松平敬/MONO=POLI
MONO=POLI (モノ=ポリ)posted with amazlet at 10.02.28
新譜。(おそらく)日本最強のシュトックハウゼンのスペシャリストであり、近年は高木正勝のライヴにも参加でも注目を浴びている声楽家、松平敬*1の初ソロ・アルバムを聴く。これはホントにすごかった。なにしろ、「本当にソロ・アルバム」なのだから。本来バリトンである松平が「バスからソプラノに至る全声部が、私の声の多重録音のみによって演奏されている」というのだから……(女声声部はファルセットを駆使!)。そのうえ、録音後の編集からブックレット作成まで自分でおこなったとあり、もはや大爆笑しながら脱帽するほかない。ポール・マッカートニーやプリンス、トッド・ラングレン、そして谷啓でさえこんなに一人でなんでもやらないし、できないだろう。こうした驚きと同時に、このように一人でアルバムが作れてしまう昨今の音楽環境についても感慨深いものがある。
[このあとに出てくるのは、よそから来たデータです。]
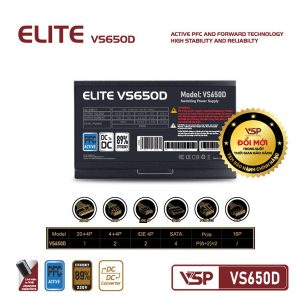 Bộ Nguồn VSP MEGAMAX ELITE VS650D 650W (Max 750W 89%| A.PFC| DC to DC | OCP, OPP, SCP, OVP) | CHÍNH HÃNG BẢO HÀNH 3 NĂM – ĐỔI MỚI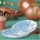Placas de papel do elefante azul, excelente para festas de aniversário, chás de fraldas, ou alguma ocasião se você ama elefantes! Caracteriza um elefante azul grande com as orelhas pontilhadas polca e estrelas azuis no fundo branco.

アルバムには、「カノン」という形式をテーマにして、13世紀から21世紀という700年間におよぶ長いスパンのなかから声楽作品が選ばれ収録されている。松平自身による解説にもあるとおり、その並びはもまたカノンとなっている。13世紀に書かれたという現存する最古のカノンに始まり、中心には松平自身による2009年の作品が置かれ、そこからまた時代を遡っていき、14世紀まで戻っていく反行カノンなのである。Youtubeには、またもや松平自身によって制作されたPVがアップロードされているので是非聴いてほしい(↓)。
最古のカノン《夏は来たりぬ》の聴いていてニコニコしたくなる朗らかさ、リゲティ、ブライアーズ、シェーンベルクのぞっとするような美しさなど非常に多彩である。20世紀の作曲家では、ベリオやケージの声のための作品も愉しい。それにしてもなんと調和が行き届いた素敵なアルバムなのであろうか。同一人物の声が重ねられているから「当たり前」なのかもしれないが、改めて考えてみるとこれは驚異的なことである。たくさんの人に聴いてもらいたい、と強く願った。